There is clear evidence that the State's judicial system routinely referred people to the Magdalene laundries. There was evidence of transfer from the industrial schools and from the mother and baby homes, which received State and local government funding. An aspect of this that I find particularly horrific is the number of young people who were put into the laundries by their families and simply left there, not to mention the State's failure to supervise this.

The State apologised to the survivors of the industrial schools in May 1999, before carrying out the relevant inquiry and before establishing the redress scheme. A further apology was issued in 2009. In that context, I ask, as an interim measure, for a gesture of goodwill and an acknowledgement of what went on, that the apology could come sooner rather than later. I discovered in the Justice for Magdalene's documentation that the first parliamentary question on the matter was asked in 1938.

In conclusion, this time last year I went to a play at the Dublin Fringe Festival called "Laundry" by Louise Lowe, whose family is from the north inner city.
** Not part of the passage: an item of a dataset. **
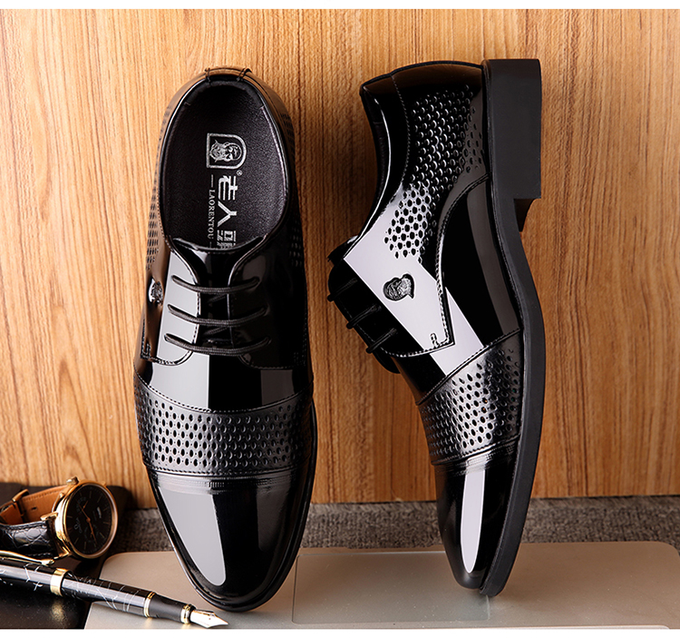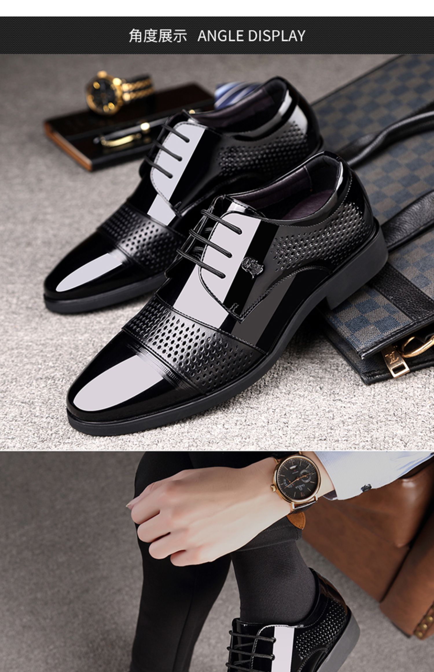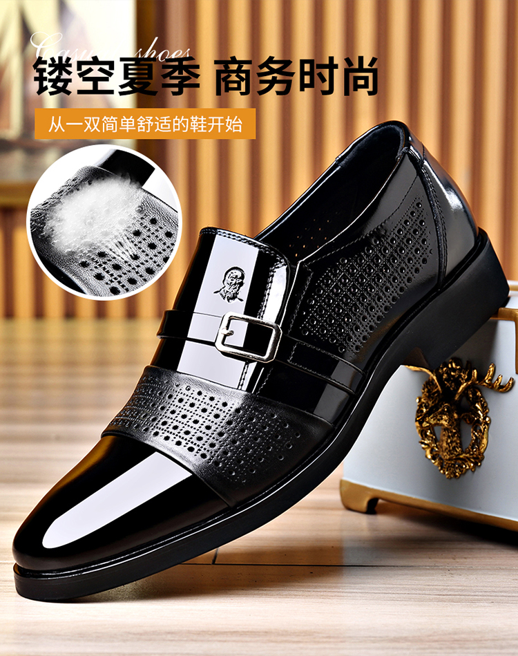 Men's Leather Shoes with Hollow Design for the Elderly, Breathable Summer British Business Formal Leather Shoes, Genuine Leather Perforated Shoes, Men's Leather Sandals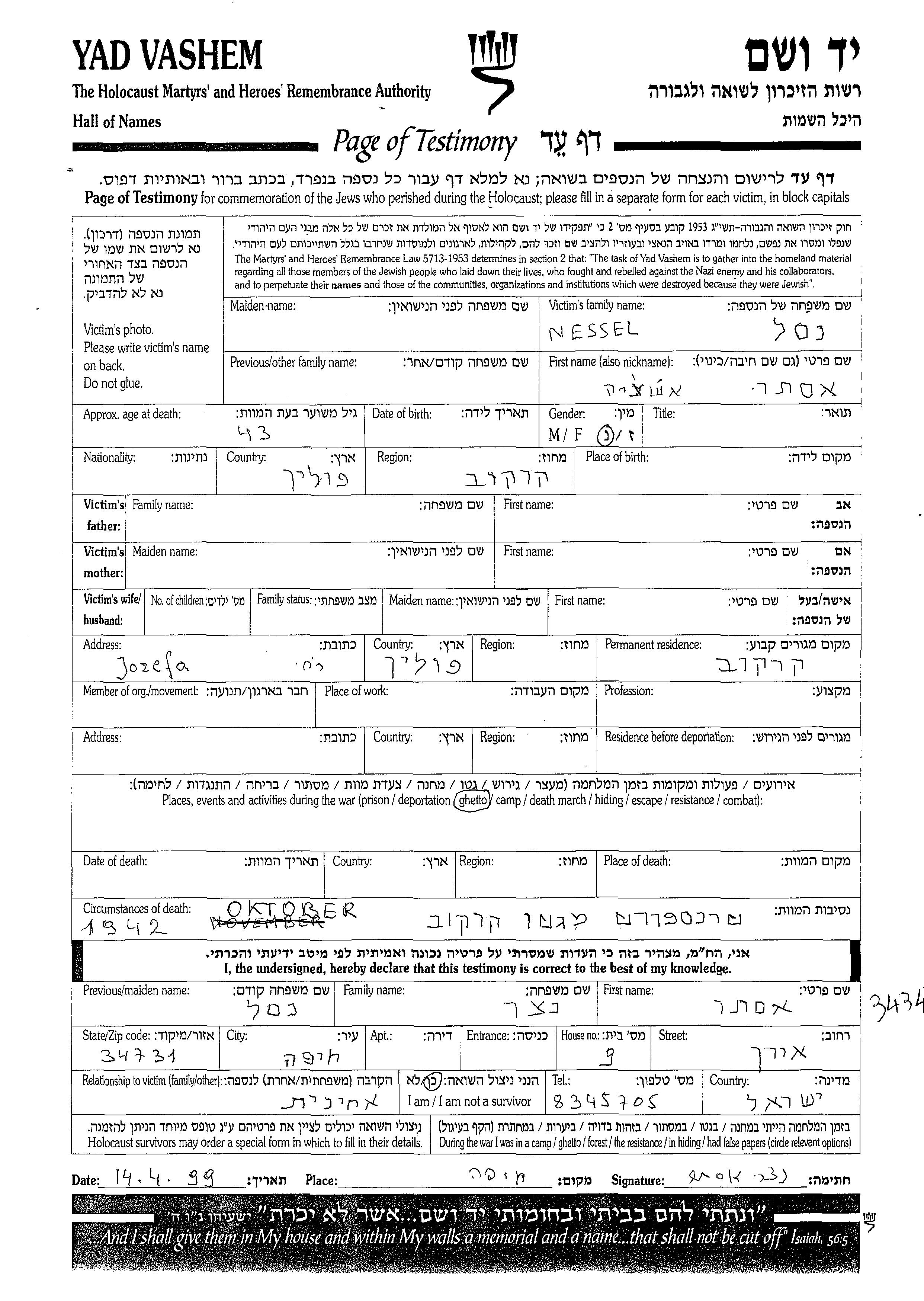 Eshchie Nessel wurde in Krakow, Polen geboren. Vor dem Zweiten Weltkrieg lebte sie in Krakow, Polen. Während des Krieges war sie in Krakow, Polen.

The play was based in the convent that was used as a Magdalene laundry in Sean McDermott Street and was like a virtual reality tour through the various rooms. I was totally traumatised by the experience, even though I was only there for about an hour and a half. It was a very visual representation of what those women went through. During the play, one of the characters said "Will you tell somebody?" and I reacted, as an audience member, and said "Who will I tell?". Thinking about it afterwards I wondered who I would have told because nobody wanted to listen. Nobody in authority wanted to know what was going on. Finally, enough is enough for those ladies.